So if by “given P(negative) there is a low probability that I am more productive with TDD” I mean that, given everything I know, I am likely not more productive, I have made a confusion. We can’t conclude anything about empirical studies like this without looking at our background beliefs and past experience. Wilson (and those like him) should rest easy. We need more than just empirical research to show that we ourselves are not more productive with TDD.
It is very easy to confuse the statistical effect a study has found with a personal conclusion. There are of course times when it makes sense to apply results from studies to ourselves. But these cases depend on our background knowledge. A study might find a difference in performance on a test from an amount of sleep. If we know of no relevant facts that would make us think we would do any better or worse, we might tentatively conclude that we would probably do the same. But the procedure here is the same, we must check our background beliefs.
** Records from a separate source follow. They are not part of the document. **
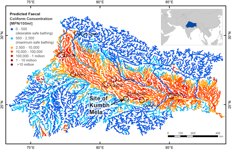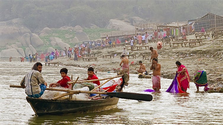 Our own research suggests that as the number of people living in nearby cities increases, the problem with water quality in the Ganges worsens. Urban populations in the Ganges catchment contribute around 100 times more microbial pollution per head to the river than their rural counterparts. This means that untreated sewage discharged from a sewer appears worse for river water quality than sewage discharge where there are no sewers at all.
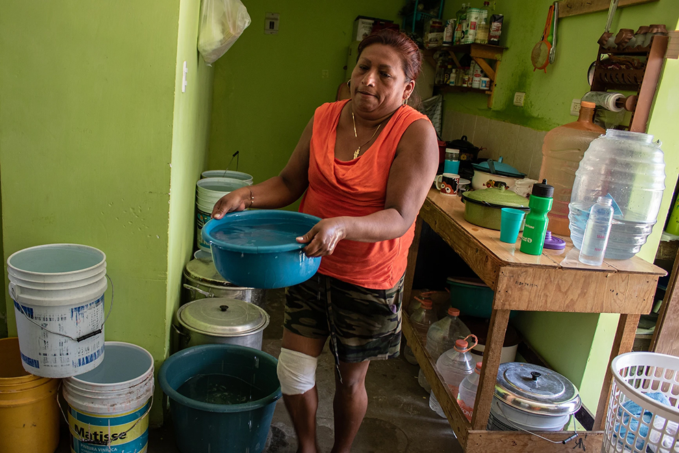 Al matrimonio le llegaba agua intermitente de los tandeos desde hacía diez días y se había tenido que bañar con baldes en varias ocasiones. Otros vecinos habían ocupado agua de sus albercas para limpiar el piso.
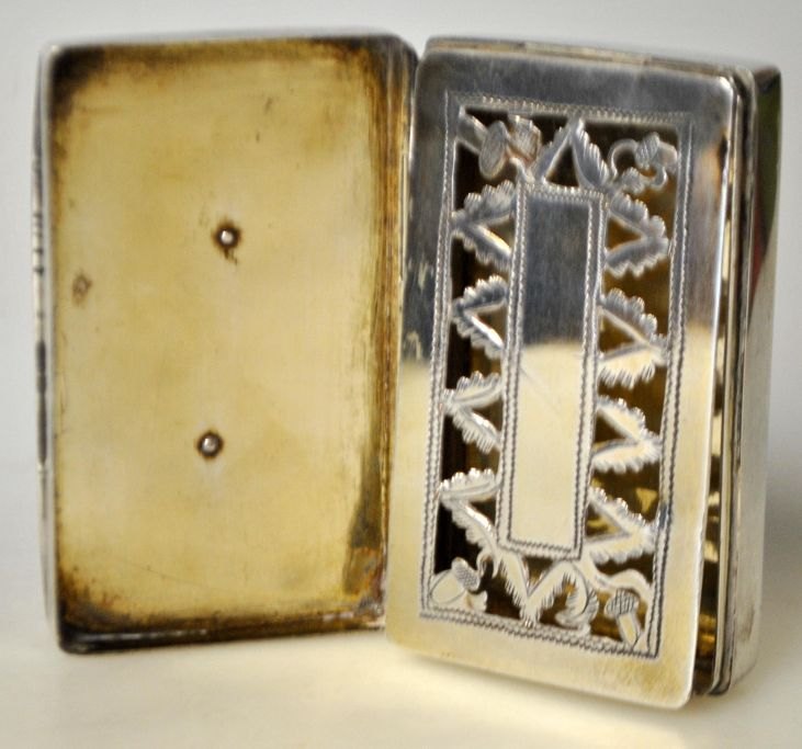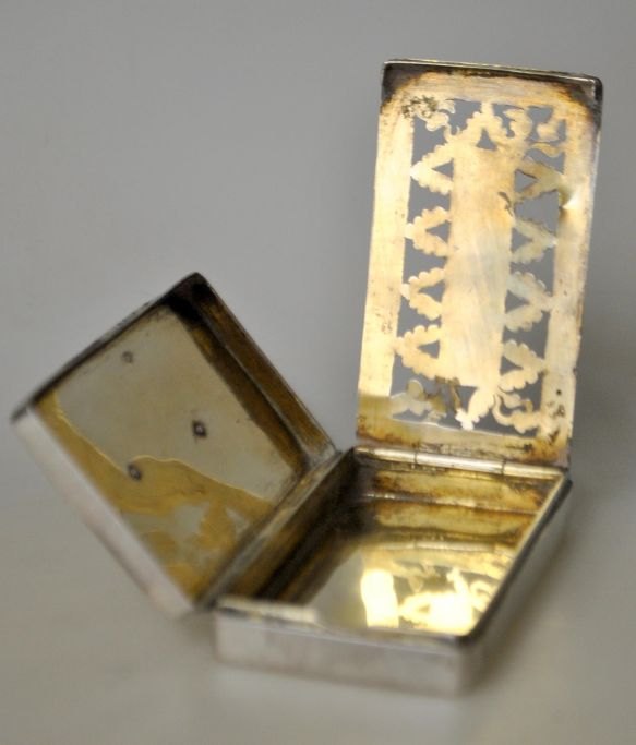 Carl Christopher Rode (1826 - 1902) Åbenrå, Danmark: Lugtedåse i sølv. Stemplet med mestermærke og byvåben. Indvendig lueforgyldt og gitter med agern og egeløv. 7,5 x 4,5 x 1,5 cm. Vægt: 68 gram.
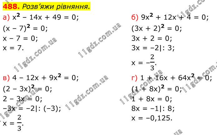 Розв’яжи рівняння. a) x2 – 14x + 49 = 0; (x – 7)2 = 0; x – 7 = 0; x = 7. в) 4 – 12x + 9x2 = 0; (2 – 3x)2 = 0; 2 – 3x = 0; –3x = –2|: (–3); x = 2/3. б) 9x2 + 12x + 4 = 0; (3x + 2)2 = 0; 3x + 2 = 0; 3x = –2|: 3; x = –2/3. г) 1 + 16x + 64x2 = 0; (1 + 8x)2 = 0; 1 + 8x = 0; 8x = –1|: 8; x = –0,125.

Now I fear what I just said will be misunderstood. Imagine this, someone does an empirical study on only me. They measure my productivity in a way I agree is a good measure, their procedures are solid, and everything is up to my standards. Imagine now that they find that I am not more productive with TDD. Is what I just said above license to ignore the finding? Of course not. The point is that we can’t go from a statistical case to a personal conclusion, not that empirical evidence has no bearing.
Perhaps instead of a change in belief, we find a change in behavior around advocacy. If we find that P(negative) is true, perhaps we shouldn’t advocate for people to practice TDD. But why exactly think that? Perhaps our advocacy was based on the belief that P(positive) was true. If so, then it would definitely make sense to rethink our behaviors. But that seems unlikely as we will explore more in a bit. Absent that, has P(negative) given us any reason to abandon our advocacy? Well no. We can clearly advocate for things that we don’t believe increase these metrics. Perhaps we simply enjoy TDD. Isn’t that enough for advocacy?
But even if it doesn’t obligate us to no longer advocate for TDD, shouldn’t P(negative) lower the intensity of our advocacy? Should we be as strident in our advocacy of TDD? Well, that depends. Was our prior level of intensity determined in a substantial way by a belief that P(positive) was true? If so, then yes, it seems we should lower our level of intensity. But absent that, why think so? It is hard to see a reason why.
If our advocacy behavior needn’t change, maybe all that has changed is our relation to the proposition. Imagine before reading the research we believed that P(positive) and after reading the research we find that in fact, we were right, the research shows that P(positive) is true. The suggestion made by some advocates of empirical software methodology is now we have gained something. Before we just “believed” that P(positive) was true, now, we “know” that P(positive) is true. Now our actions can be based on knowledge rather than “opinions” or “superstition”.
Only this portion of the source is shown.